A map of Fedora packages and dependencies

seth vidal skvidal at phy.duke.edu
Tue Jun 21 13:46:12 UTC 2005


On Tue, 2005-06-21 at 15:40 +0200, Tarjei Knapstad wrote:
> [Disclaimer: This is probably going to end up as a blurb about
> dependencies - bear with me :)]
> 
> Firstly, I was just perusing through the FC4 package description list
> and was reminded of something I've thought of many times:
> 
> Would it be possible to map out the package dependencies in Fedora by
> doing rpm queries and forming a directed graph of the results? (by using
> graphviz or something like that)
> 
> I think such a package dependency map would be quite useful to get an
> overview of the distribution, both for developers and users. "End nodes"

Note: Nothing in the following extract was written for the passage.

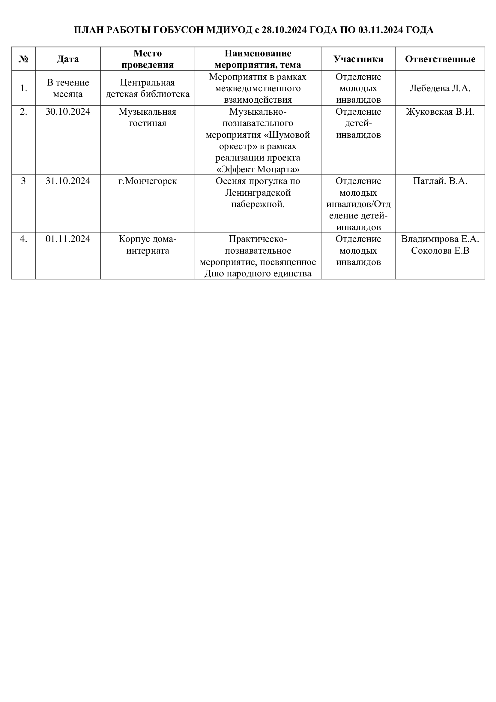 План работы ГОБУСОН МДИУОД с 28 октября по 03 ноября 2024 года

> in the graph could help identify candidates that could be moved to
> extras for instance (you might even tag vertices with the package size).

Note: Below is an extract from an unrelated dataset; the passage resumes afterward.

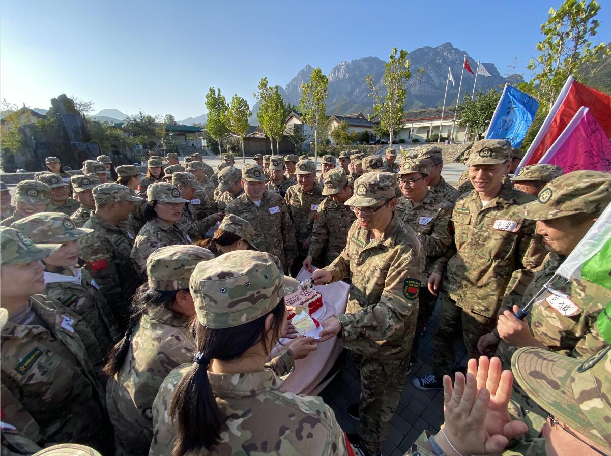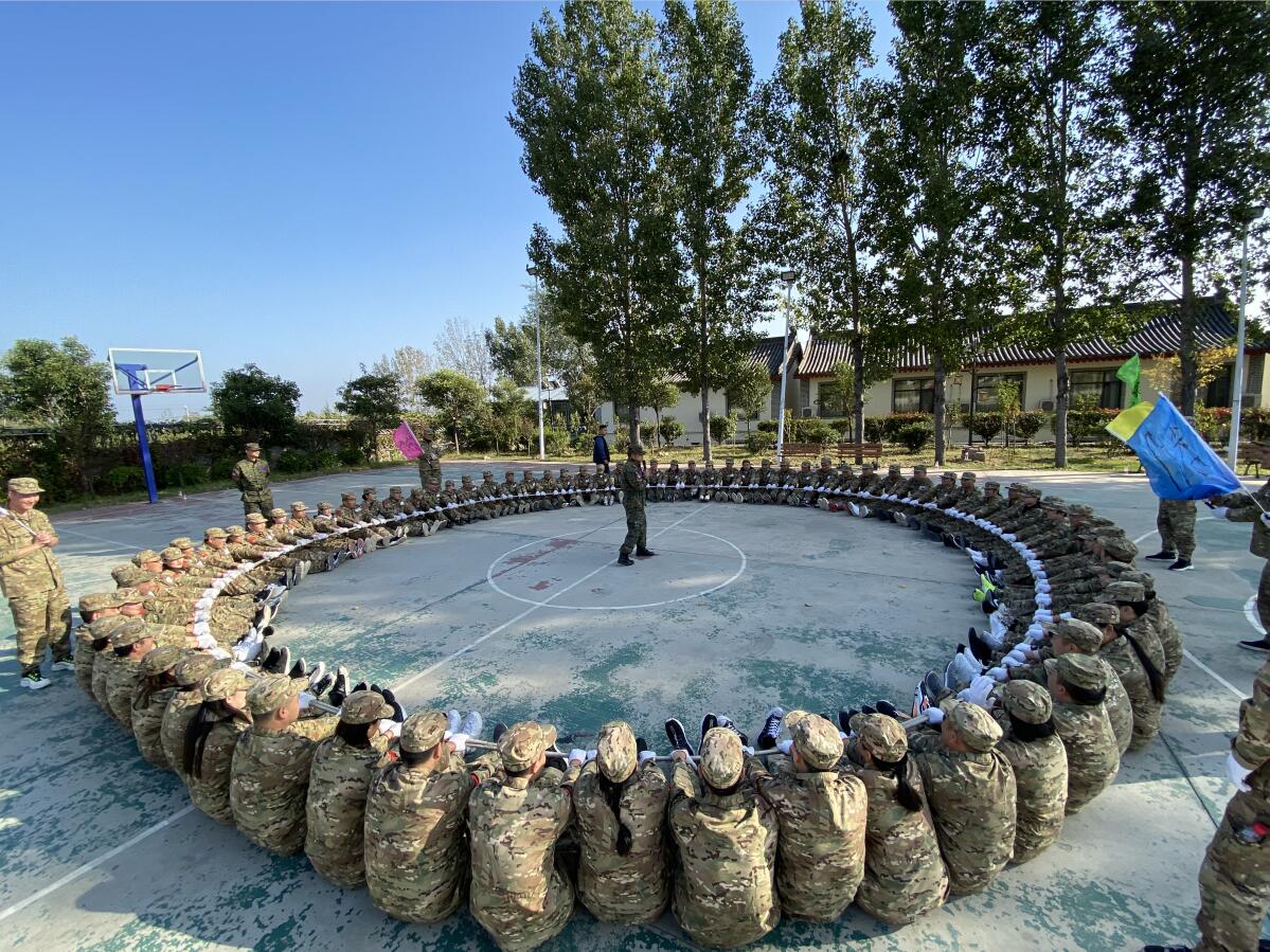 進行隊形隊列等軍事科目訓練的同時還開展了摸石過河、百發百中、挑戰150等訓練項目。雖然在150秒內有隊伍沒有完成全部項目,但是大家都沒有放棄,一個項目一個項目地攻克,直至完成所有項目。

> >From the users perspective it would get a lot easier to get an overview
> of the impact of removing a package, or if you want to rebuild a
> homebrew package for some reason ("I'd really like to just rebuild this
> package myself to the bleeding edge, but what else would it impact and
> maybe even break, if anything?").
> 
> Secondly I was thinking of a "DependencyLint" kind of tool - a small
> Python script maybe that would go through every installed RPM on a
> system and check if the requirements in the .spec files are correct
> and/or sufficient. Here I'm not quite sure about what the rules are for
> Fedora however - should absolutely everything that's needed to build a
> package be in BuildRequires:? Should every package that has C code
> require glibc? Or is it a goal to be as lax as possible to prevent
> (hopefully) unnecessary build problems?
> 
> In any case I was thinking of maybe using a combination of RPM querying
> and ldd (and possibly other tools). An example (from a FC1 box):
> 
> 1. Get a list of all the RPM's on the system.
> 
> 2. For each package, list the files and grep the bin/ and lib/ stuff.

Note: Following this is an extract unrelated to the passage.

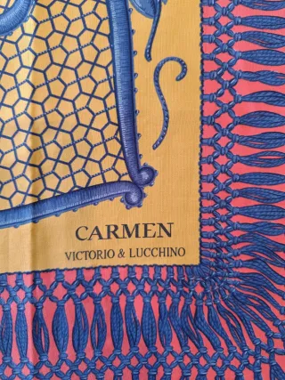 Precioso pañuelo de los diseñadores Victorio y Lucchino con un diseño vibrante y llamativo, se trata de una edición especial del perfume Carmen. Muy raro de encontrar. - Estampado de corazones y flores. - Combinación de colores vivos, azul, coral y amarillo. - Mide 86 x 86

> For instance 'rpm -ql mutt|grep bin' lists /usr/bin/mutt as one of it's
> files.
> 
> 3. Check which dynamic libraries these binaries and libraries depend on
> using 'ldd'. 'ldd /usr/bin/mutt' lists /usr/lib/libz.so.1 among others.
> 
> 4. For each of these, check which package provides them. 
> 'rpm -q --whatprovides /usr/lib/libz.so.1' returns 'zlib-1.2.0.7-2'
> 
> 5. Finally check that the original package depends on zlib. (This step
> I'm not sure what's the best way to query.) 'rpm -q --requires mutt'
> does not list zlib and 'rpm -e --test zlib' does not list mutt so we've
> actually found a missing dependency here.
> 
> These are just my first thoughts to maybe encourage some discussion. I'm
> sure this could be done in a better way and could probably also be
> expanded to do other stuff (I'm not very RPM-savvy). If you run a live
> testinstall of rawhide for instance such a tool could be run
> automatically after each update to detect any packaging problems wrt.
> dependencies.
> 

1. Do an everything install of core.
2. install yum-utils
3. run package-cleanup --leaves

that'll tell you all the specific leaf nodes.